Comprehensive Summary
This study investigated whether machine learning models can predict early pediatric sepsis using routine electronic health record (EHR) data from the first 4 hours of emergency department (ED) care. A multicenter registry was assembled from five U.S. health systems (Epic and Cerner) covering 2,323,720 pediatric ED visits for patients aged 2 months to <18 years old. Model derivation used 1,604,422 visits (from Jan 2016 - Feb 2020) and temporal validation used 719,298 visits (from Jan 2021 - Dec 2022). Outcomes were defined by the Phoenix Sepsis Criteria (PSC): suspected infection plus PSC ≥2 (sepsis) or PSC sepsis with ≥1 cardiovascular point (septic shock) occurring within 48 hours after the features window. PSC scores were calculated over two separate 24-hour periods, with the higher score used for analysis. Prevalence in the test set was 0.37% (sepsis) and 0.15% (shock). Two model families, ridge logistic regression and gradient tree boosting (XGBoost), were trained with nested cross-validation with the goal to maximize specificity at a threshold of 90% sensitivity. Features emphasized variables available before clinician decision-making effects, including Emergency Severity Index (ESI) triage, age-adjusted vital signs (temperature, heart rate, respiratory rate, blood pressure), oxygen saturation (including informative missingness), age/sex, arrival mode, ED utilization in the prior year, and complex chronic conditions. In temporal validation, prediction of sepsis was strong with AUROC 0.936 for XGBoost (vs 0.923 ridge), specificity 0.807 at 90% sensitivity, LR+ 4.67, PPV 1.7%, and number-needed-to-evaluate 59. Shock AUROCs were 0.926 (XGBoost) and 0.923 (ridge). Feature contribution (SHAP) highlighted ESI category, minimum oxygen saturation (and its absence), age-adjusted shock index, recent ED use/admission, and chronic disease burden as top predictors.

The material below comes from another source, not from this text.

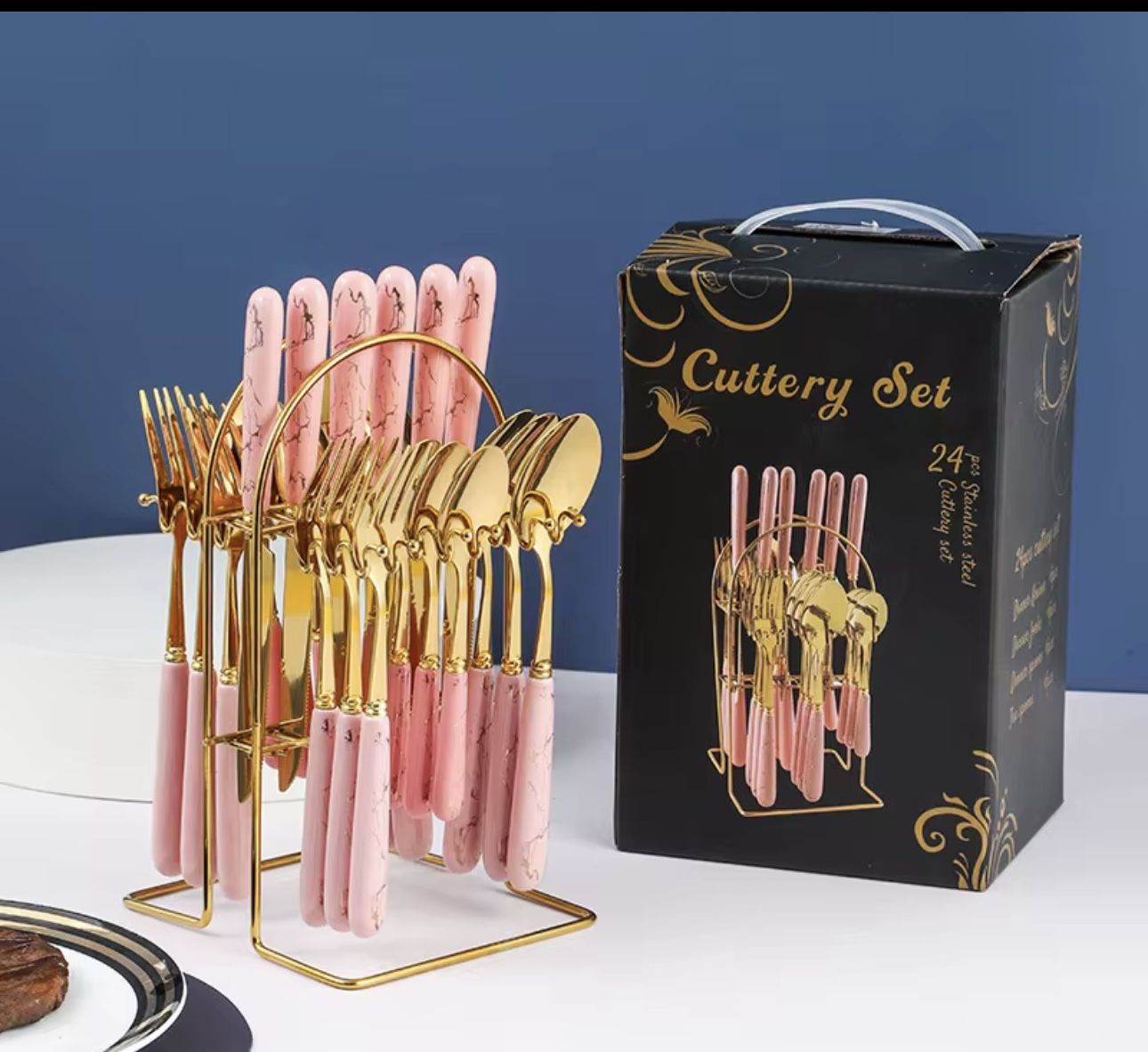 Facega 24 pst spoons and forks sets complete cutlery sets spoon and forks sets different colors. Green, white, pink, black.

Fairness analyses showed comparable AUROCs across age, sex, race/ethnicity, language, and site, with slightly higher AUROC in Medicaid-insured compared to commercially insured children. Calibration curves and site-level AUPRC/AUROC were reported, with minimal variability across systems.
Outcomes and Implications
Pediatric sepsis is a leading cause of child mortality, and earlier prognostic identification could enable timelier evaluation and treatment even before organ dysfunction appears. These findings suggest that machine learning-based early warning systems using routine ED data are feasible and clinically informative, providing meaningful LR+ at high sensitivity. However, because sepsis is rare, PPV remains low, which raises concerns about alarm fatigue. The authors recommend a two-step strategy in which model alerts are combined with clinician judgment, along with prospective evaluation in real-world workflows before deployment. Future directions include testing variable alert thresholds, comparing parsimonious models with more comprehensive feature sets, and integrating the models into EHRs.